Government's announced plans to rationalize and merge agencies, commissions and authorities as a way of reducing wasteful expenditures and cost saving is a hoax, civil society organisations have said.
Last year, on September 10 government announced the phased merger of the authorities and agencies, sending panic among civil servants. However, civil society has said no merger will be realised at least in FY 2019/20 because nothing is reflected in the national budget framework paper.
Activists under the their umbrella body Civil Society Budget Advocacy (CSBAG) led by Julius Mukunda, the executive director, observed that the public should not expect much.
“We commend government for this policy of merging, however, the 2019/20 budget framework paper does not capture any progress so far made in realizing the policy choice,” he said.
Mukunda who was addressing the press at CSBAG headquarters in Kampala recently added that there is likelihood of anxiety and job security concerns that might affect the smooth implementation of the government programmes.
“Government should complete and communicate the roadmap for the massive policy decision to guide proper budget implementation,” he said.
At the conference, CSOs also noted that State House does not have the required expertise to competitively oversee the Youth Livelihood Programme (YLP). They argue that taking over of the programme from the minister of Gender, Labour and Social Development opens risks of politicization of the government programme.
It should be remembered that government introduced the Youth Livelihood programme in 2013/14 as a five year programme to economically empower the youth. But in FY 2019/20 cabinet approved and amended National Budget Framework Paper votes for Youth Livelihood programme.
Mukunda said; “Cabinet created a vote for youth programmes in the State House and resulted in a reduction of the Youth Livelihood programme from Shs 66.66bn in 2018/19 to Shs 4.6bn in 2019/20 within the ministry of Gender with is a reduction of 93 per cent.”

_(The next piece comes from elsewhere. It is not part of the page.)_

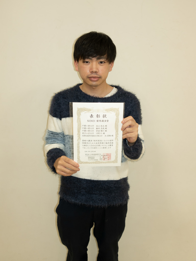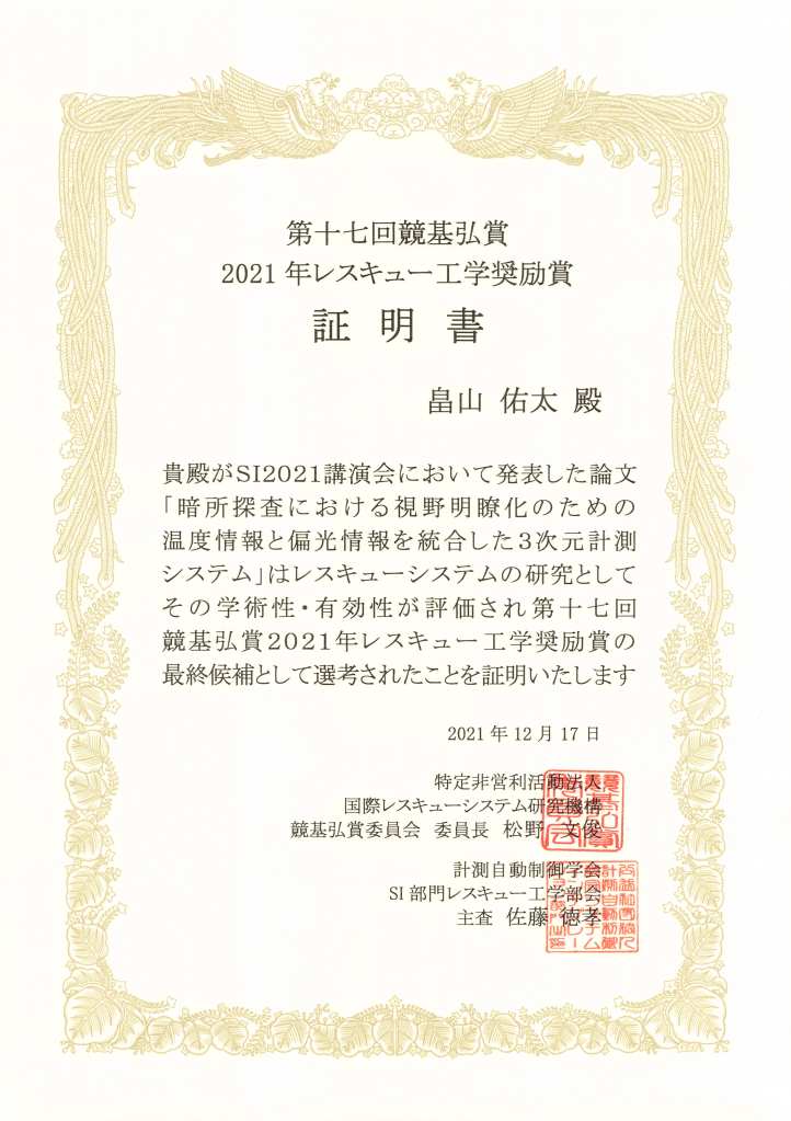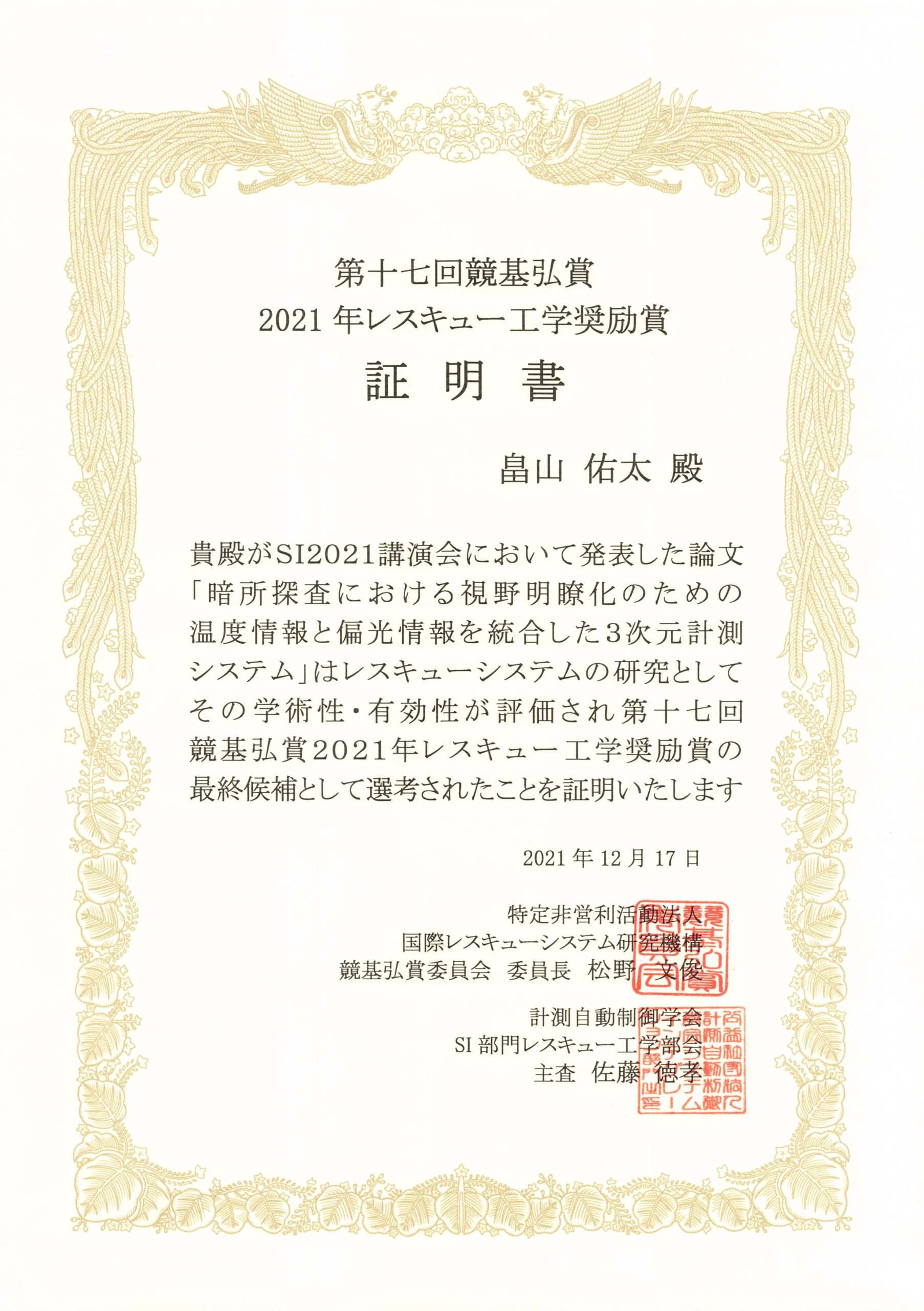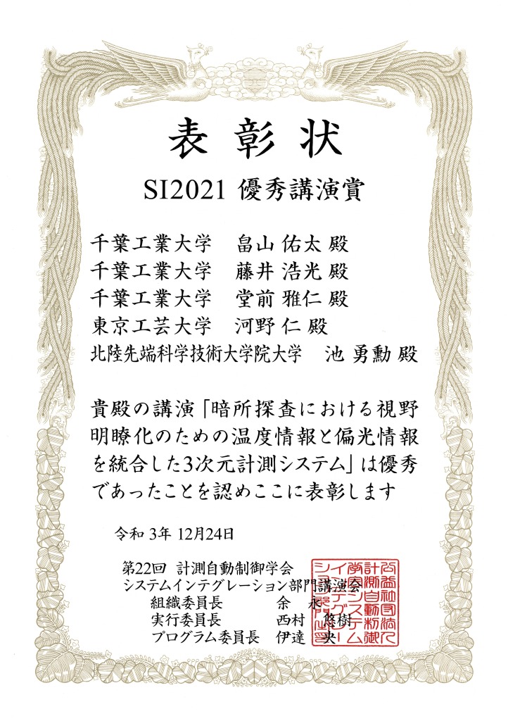 • 畠山 佑太,藤井 浩光,堂前 雅仁,河野 仁,池 勇勳: “暗所探査における視野明瞭化のための温度情報と偏光情報を統合した3次元計測システム”, 第22回計測自動制御学会システムインテグレーション部門講演会(SI2021), 1A2-01, オンライン開催, December 2021.(第17回 竸基弘賞 2021年レスキュー工学奨励賞 最終候補者,SI2021優秀講演賞 受賞)

“The budget of YLP at State House rose from Shs 0 in 2018/19 to Shs 130bn in 2019/20 yet State House operations are almost beyond public scrutiny and has limited parliamentary oversight,” said Julius Kapwepwe, the director programmes at Uganda Debt Network.
The auditor general, John Muwanga recently released a report revealing that government may never recover Shs 28.4 billion disbursed to youth groups across the country under Youth Livelihood Project (YLP).
The auditor general found that almost 64 per cent of the sampled youth projects, consisting of 71 per cent value of loans, were non-existent and another 25 per cent had reportedly embezzled the funds.